Ближе всех к озеру стоял шалаш Энниберда. Шалаш Верриберда, где он оставил перепуганного младшего брата, был на расстоянии полета стрелы из большого лука. И плохо было то, что к нему вела не едва заметная на траве и хвое тропинка, а след, оставленный на снегу Эннибердом; след почти незаметный, но если осветить факелом и приглядеться, то виден.
А уж если пустить собак…
Верриберд поспешил к своему шалашу, сделав порядочный крюк, чтобы выйти не со стороны озера.
Он опоздал.
Он увидел разоренный шалаш и тело белого альва на снегу. Энниберда закололи рогатиной прямо в сердце.
Не было времени, чтобы оплакать брата. Верриберд понесся в глубь леса – предупреждать своих. На бегу он услышал отчаянный предсмертный вопль. Голос был тонкий. Он подумал – видимо, одна из бывших белых альв попалась на глаза горожанам.
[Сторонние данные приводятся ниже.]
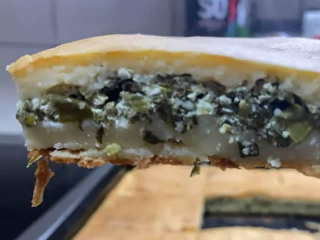 Troslojna pita: brza pita bez kora sa sirom, spanaćem i lukom

Спасти ее было невозможно. И Верриберд сделал то, чего сам от себя не ожидал.
Подаренный Ураром нож он нес за пазухой. И сейчас впервые в жизни взялся за рукоять оружия. Он должен был защитить себя, чтобы никто не помешал предупредить свой род, своих близких.
Поневоле позавидовал Верриберд темным альвам, которые жили все вместе, могли собраться и оказать сопротивление. Отыскивать в лесу поодиночке белых альвов было, пожалуй, непосильной задачей.
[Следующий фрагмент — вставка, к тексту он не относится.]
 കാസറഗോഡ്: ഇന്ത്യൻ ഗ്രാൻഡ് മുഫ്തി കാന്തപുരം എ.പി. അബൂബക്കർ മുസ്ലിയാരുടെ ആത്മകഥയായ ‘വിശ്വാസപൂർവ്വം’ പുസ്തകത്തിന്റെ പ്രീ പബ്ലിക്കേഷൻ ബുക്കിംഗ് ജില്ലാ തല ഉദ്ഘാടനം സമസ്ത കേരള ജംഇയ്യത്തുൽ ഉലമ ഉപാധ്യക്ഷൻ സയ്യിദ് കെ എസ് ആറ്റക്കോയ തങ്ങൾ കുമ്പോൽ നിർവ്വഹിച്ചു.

Первый на его пути был шалаш Элгибенны. Альва, услышавшая далекий шум, стояла возле, одетая так тепло, как только могла, и собирала в дорогу маленькую воспитанницу.
– В лесу неладно, – сказала она.
– Торопись, – ответил ей Верриберд. – Люди пойдут по лесу, чтобы убить нас всех.
– Но за что?
– Они решили, будто мы украли их ребенка.
– Неужели невозможно им объяснить?.. Мы столько добра им сделали…
– Невозможно. Беги. Беги к бурелому, спрячься в глубине, туда они не полезут.
– А ты?
Верриберд задумался и вдруг присвистнул – он понял, что должен сделать.
– Голова моя полна прошлогодней хвои. Я побегу к старику. Кто-то говорил мне, что он умеет рассылать вести по лесу. Теперь самое время пустить это умение в ход – пока еще есть кого спасать.
Чтобы добраться до старика, следовало пересечь просеку, известную горожанам, – по ней лесорубы ездили рубить сухостой на дрова. Впервые в жизни Верриберд не перебежал просеку бездумно, а сперва огляделся. Это спасло его – он вовремя заметил сани.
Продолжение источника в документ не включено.